No project description provided

Project description

gaia python client

running

To connect to a running Gaia instance, find the host and do the following:

import gaia
config = {
    'gaia_host': '10.138.0.21:24442',
    'kafka_host': '10.138.0.2:9092'}
flow = gaia.Gaia(config)

Now that we have a reference to the client, there are several methods we can call.

command - see what commands are available and add new commands
merge - update or add new processes into the given namespace
trigger - recompute dependencies and launch outstanding processes in a namespace
halt - stop a running namespace
status - find out all information about a given namespace
expire - recompute a given key (process or data) and all of its dependent processes

All of these methods are relative to a given namespace (root) except for command, which operates globally to all namespaces.

To just get something going, run the workflow in WCM:

wcm = gaia.load_yaml('../../resources/test/wcm/wcm.processes.yaml')
flow.merge('wcm', wcm)

You will also need to launch some sisyphus workers. To do that:

flow.launch('worker-a')

Launch more if you want : ) Give each a unique key. They will deallocate after 5 minutes of inactivity.

Once your workflow is running, you can listen to the logs as they appear:

flow.listen()

command

Commands are the base level operations that can be run, and generally map on to command line programs invoked from a given docker container.
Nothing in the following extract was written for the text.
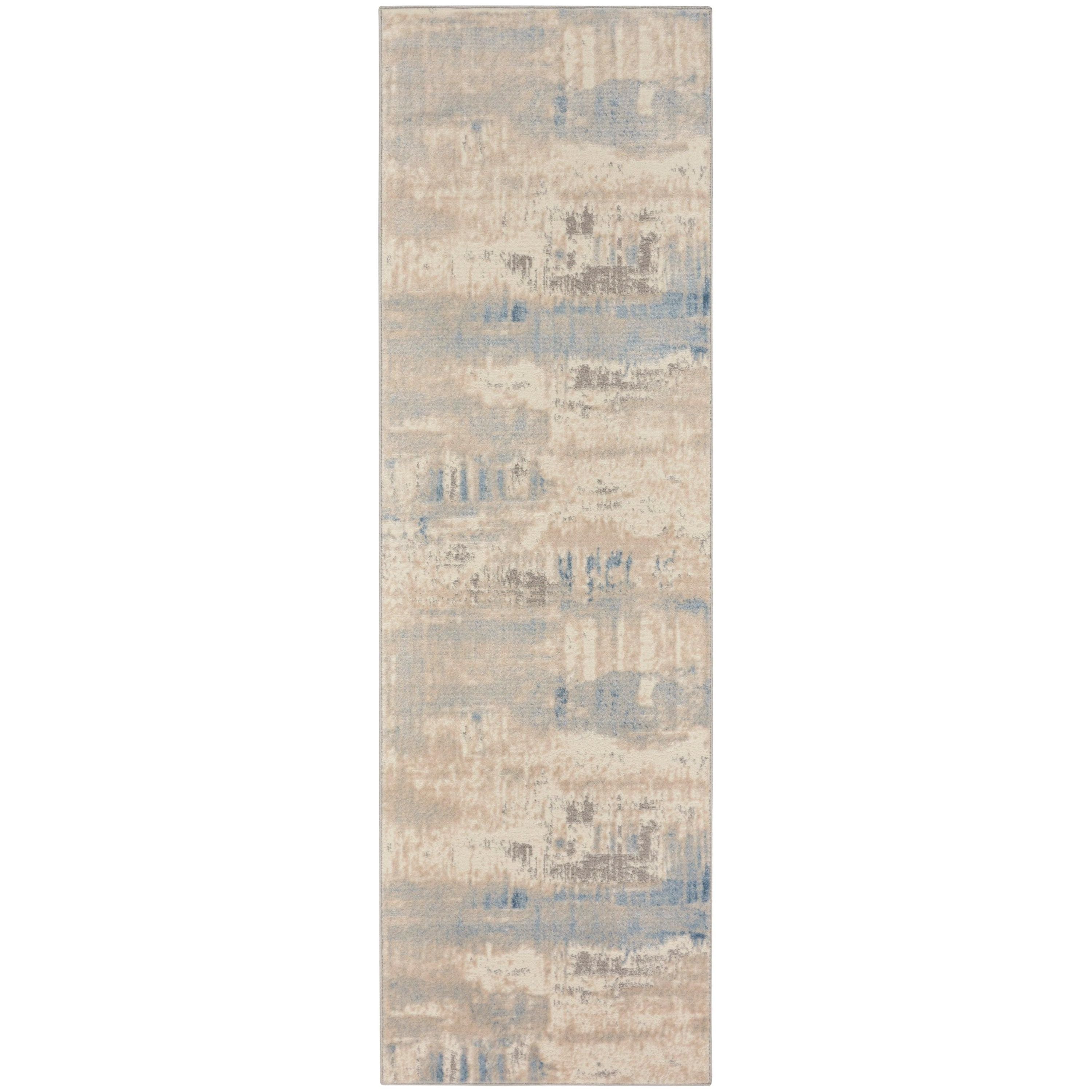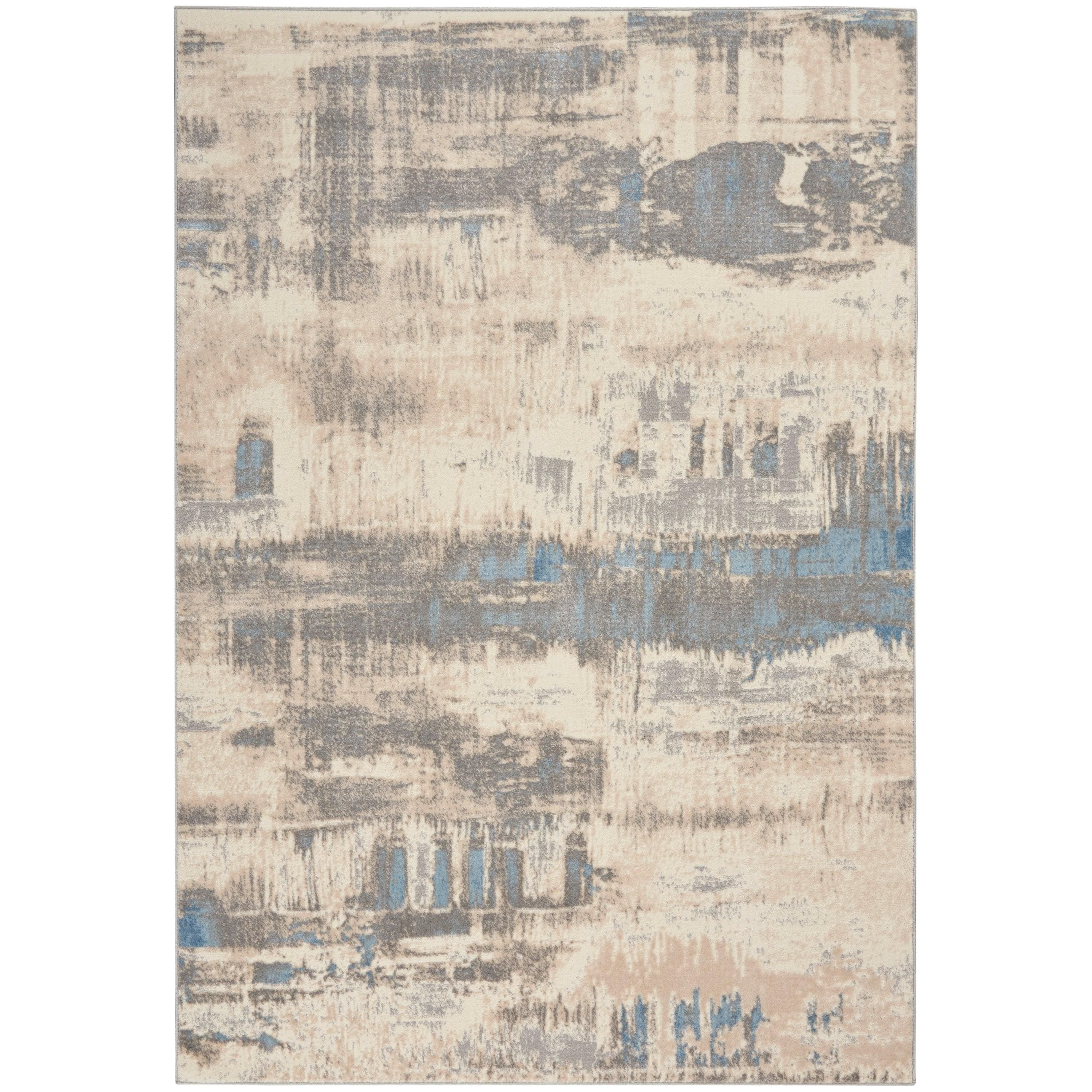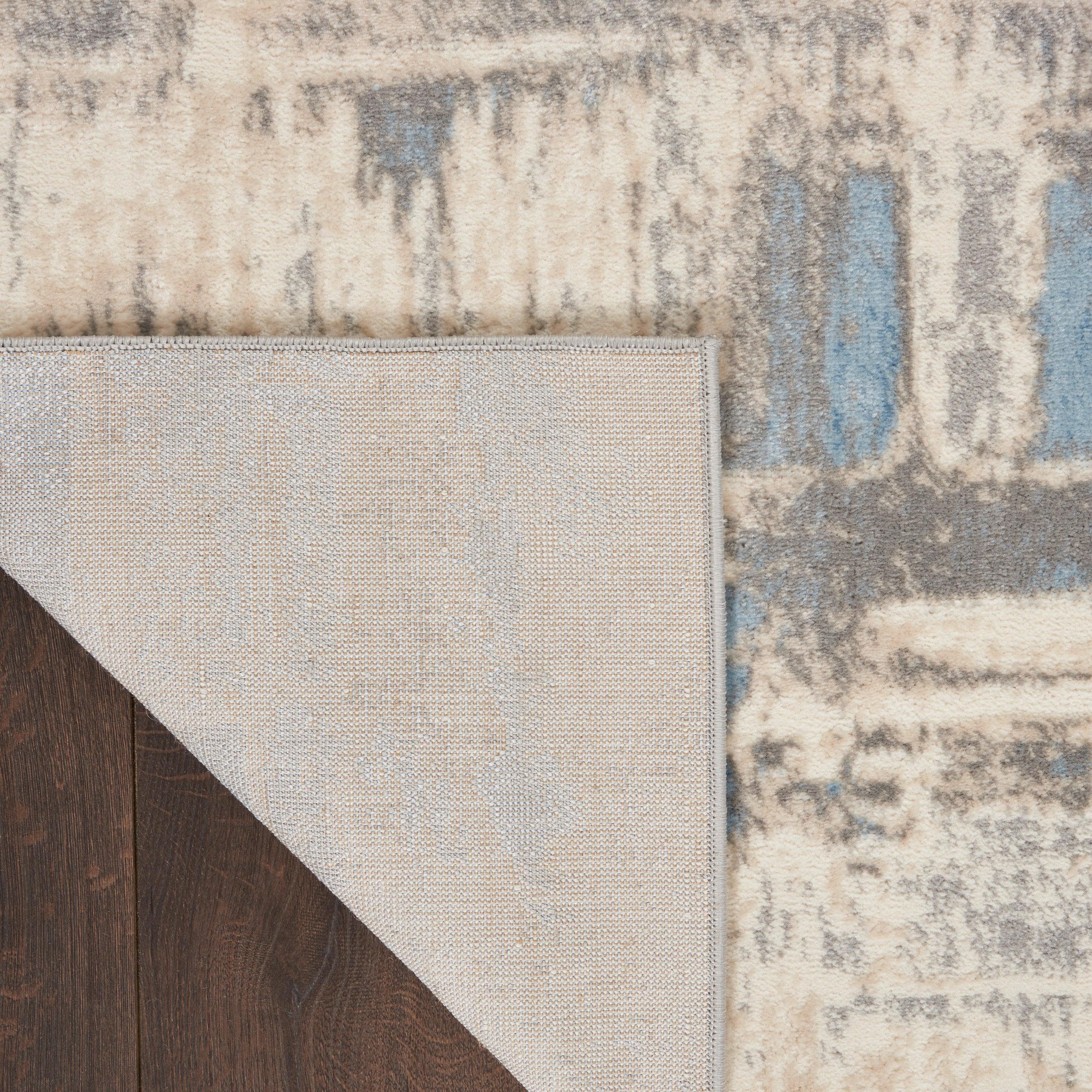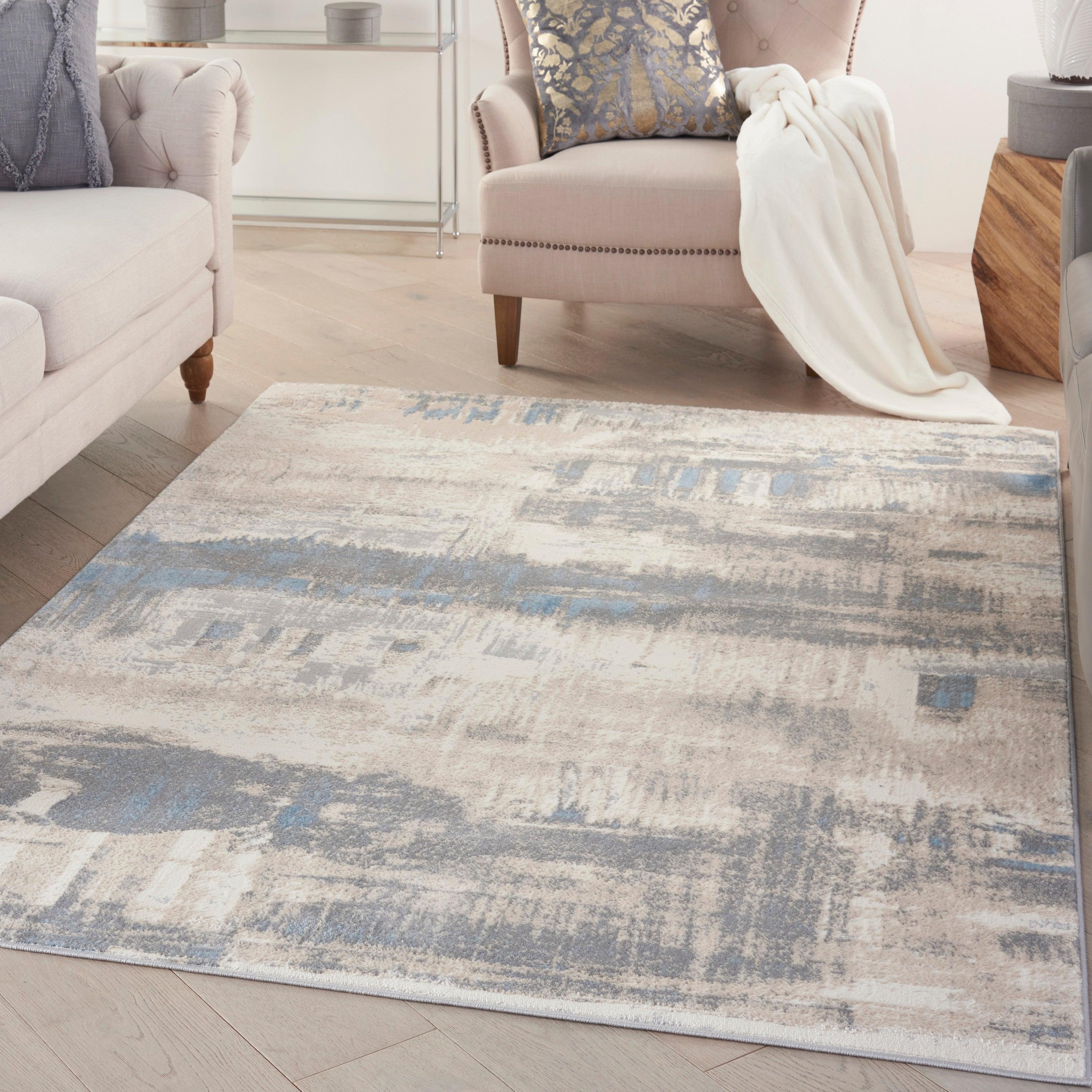 stylish Solace SLA07 Ivory Grey Blue area rug from our captivating Solace Collection. Featuring sumptuous shadings of cool neutral tones and captivating abstract designs, this rug offers a modern touch to any space. The high-low pile adds inviting texture, while the erased patterns give it a trendy, distressed appearance.

Once defined, a command can be invoked any number of times with a new set of vars, inputs and outputs.

If you call this method with an empty array, it will return all commands currently registered in the system.

flow.command([])
# [{'key': 'ls', 'image': 'ubuntu', ...}, ...]
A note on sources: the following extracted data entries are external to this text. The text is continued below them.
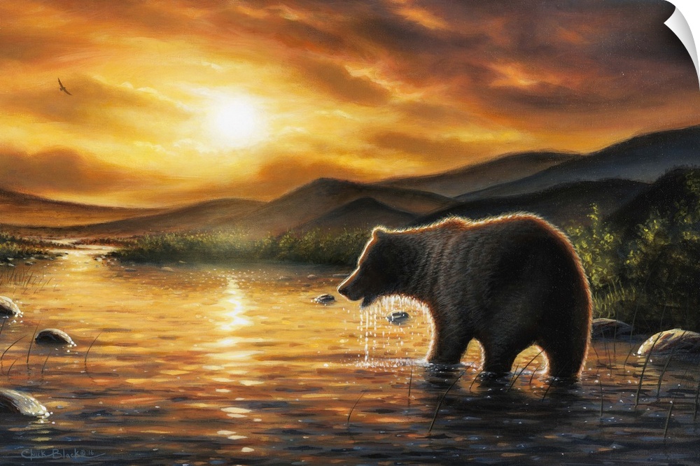 Art Chuck Black Contemporary Art Landscapes River, Creek and Stream Painting Wildlife Bear
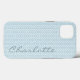 This girly phone case features a light blue decorative abstract pattern and is personalised with her name.
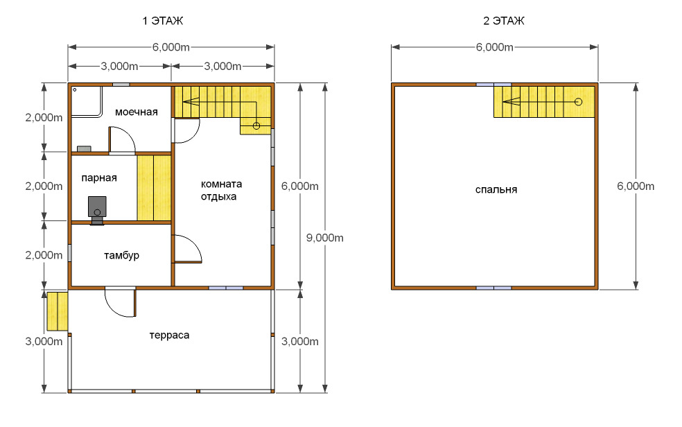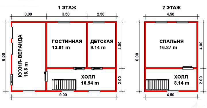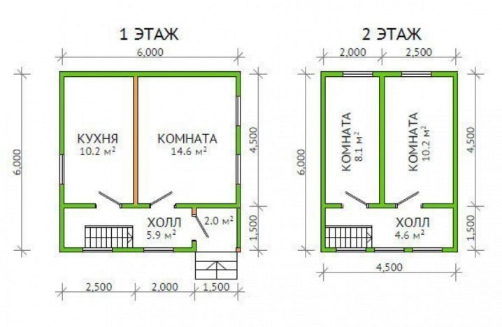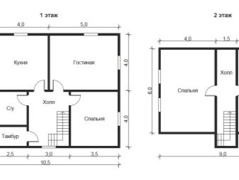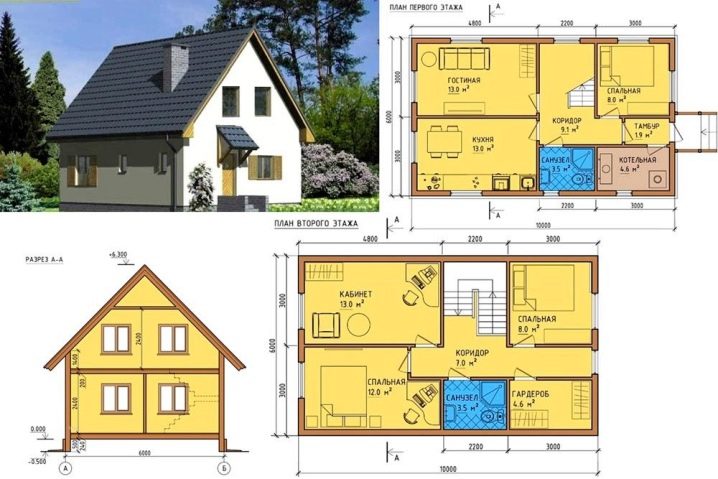 Es ist schwieriger, längliche Häuser mit den Maßen 6x9, 6x10, 4 mal 10 zu entwerfen. Aber hier können Sie drei volle Räume oder eine Garage unterbringen. Sie bauen Häuser 6 bis 9 für Familien "für Wachstum": junge Paare warten auf Ergänzung, oder reife Familien mit Kindern und Enkelkindern.
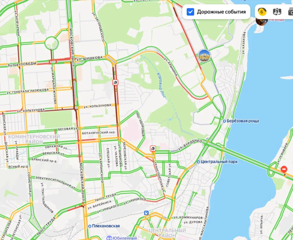 Тяжёлая обстановка и на улицах Шишкова и Крынина. В центре города движение также затруднено, а вот на левом берегу пока пробок не замечено.
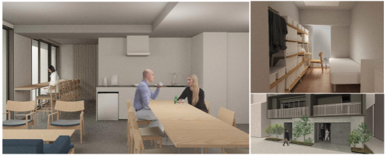 本物件は、入居者が住まいの中で「自分の居場所」を複数持てることで居⼼地の良さを感じられるという、暮らしの選択肢を広げる仕組みを持たせました。2階のカフェを地域住民にも利用可能とすることで、入居者と地域住民のゆるやかな繋がりも生みだす「居場所が混ざり合う暮らし」を提案します。
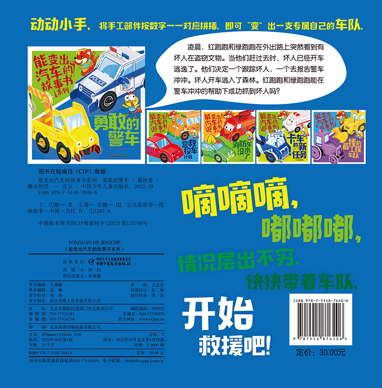 《能变出汽车的故事书系列·勇敢的警车》适读年龄3-6岁 嘀嘀嘀,嘟嘟嘟,情况层出不穷,带着车队出发救援吧!

All commands are in the Gaia command format and contain the following keys:

key - name of command
image - docker image containing command
command - array containing elements of command to be run
inputs - map of keys to local paths in the docker image where input files will be placed
outputs - map of keys to local paths where output files are expected to appear once the command has been run
vars - map of keys to string variables that will be provided on invocation

They may also have an optional stdout key which specifies what path to place stdout output (so that stdout can be used as one of the outputs of the command).

If this method is called with an array populated with command entries it will merge this set of commands into the global set and update any commands that may already be present, triggering the recomputation of any processes that refer to the updated command.

merge

Once some commands exist in the system you can start merging in processes in order to trigger computation. Every process refers to a command registered in the system, and defines the relevant vars, inputs and outputs to pass to the command. Inputs and outputs refer to paths in the data store, while vars are strings that are passed directly as values and can be spliced into various parts of the invocation.
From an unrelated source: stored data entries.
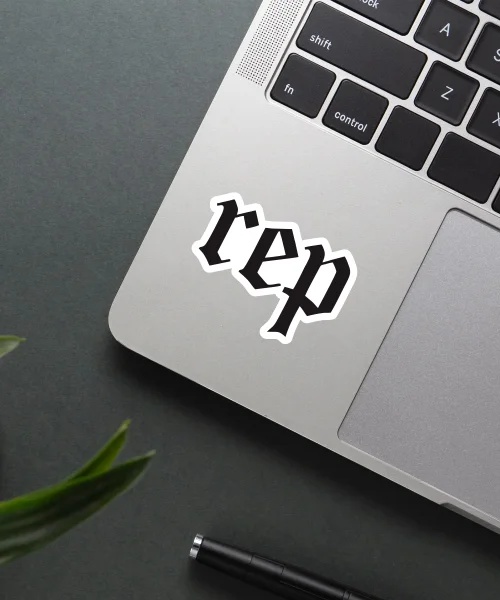 REP Sticker vinyl sticker, waterproof durable collectible sticker for laptop, phone, bottle, bike, notebook, helmet, and accessories.
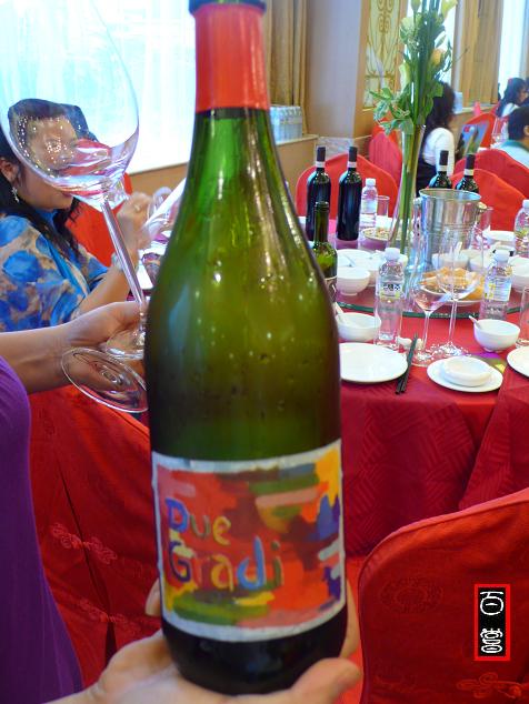主角上场, 酒色已初显老态, 由于未经过滤, 虽不算浊, 但也能看到细小的悬浮物. 初闻的味道的确反应了N. S. G. 的Terroir. 有点动物的体味, 香气柔和但紧凑, 在我脑中浮现两条水平线, 而我对这杯酒所有的感觉似乎把这两条线之间的空间填得满满. 也就是说这瓶酒的表现了它该有的实力. 怎么说呢…就好比一般人打7号铁的距离落点多半在170-130码, 而我每次挥杆(闻香), 都落在150码上下, 而且还杆杆打在甜点上!(不知道这样解释大家清不清楚?)
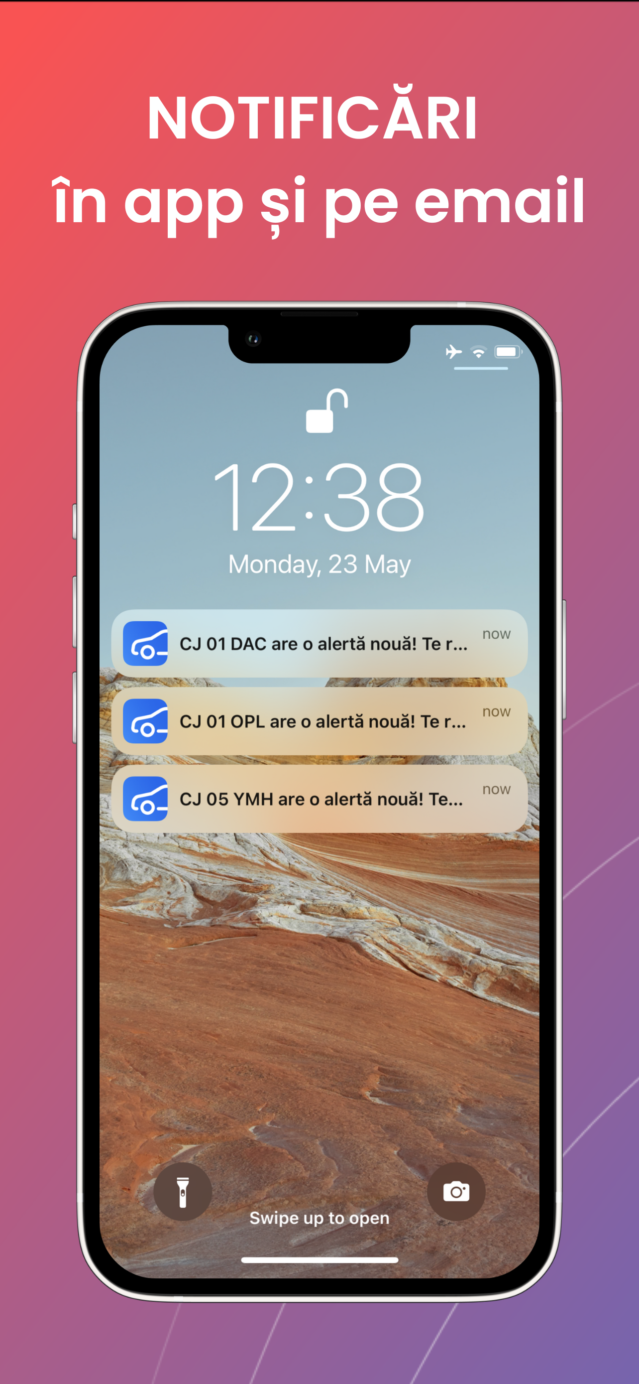 - setezi până la 50 de tipuri de notificări: RCA, Rovinieta, ITP până la autorizații ISCIR sau certificate LARM

Processes are partitioned by namespaces which are entirely encapsulated from one another. Each namespace represents its own data space with its own set of keys and values. Every method besides command is relative to the provided namespace, while commands are available to the entire system.

To call this method, provide a namespace key and an array of process entries:

flow.merge('biostream', [{'key': 'ls-home', 'command': 'ls', 'inputs': {...}, ...}, ...])

Each process entry has the following keys:

key - unique identifier for process
command - reference to which command in the system is being invoked
inputs - map of input keys defined by the command to keys in the data store where the inputs will come from
outputs - map of output keys from the command to keys in the data store where the output will be placed after successfully completing the command
vars - map of var keys to values the var will take. If this is an array it will create a process for each element in the array with the given value for the var

If this is a process with a key that hasn't been seen before, it will create the process entry and trigger the computation of outputs if the required inputs are available in the data store. If the key of the process being merged already exists in the namespace, that process will be updated and recomputed, along with all processes that depend on outputs from the updated process in that namespace.

trigger

The trigger method simply triggers the computation in the provided namespace if it is not already running:

flow.trigger('biostream')

halt

The 'halt' method is the inverse of the 'trigger' method. It will immediately cancel all running tasks and stop the computation in the given namespace:

flow.halt('biostream')

status

The status method provides information about a given namespace. There is a lot of information available, and it is partitioned into four keys:

state - a single string representing the state of the overall namespace. Possible values are 'initialized', 'running', 'complete', 'halted' and 'error'.
flow - contains a representation of the defined processes in the namespace as a bipartite graph: process and data. There are two keys, process and data which represent the two halves of this bipartite graph. Each entry has a from field containing keys it is dependent on and a to field containing all keys dependent on it.
data - contains a map of data keys to their current status (either missing or complete)
tasks - contains information about each task run through the configured executor. This will largely be executor dependent

flow.status('biostream')

expire

The expire method accepts a namespace and a list of keys of either processes or data, and recomputes each key and every process that depends on any of the given keys.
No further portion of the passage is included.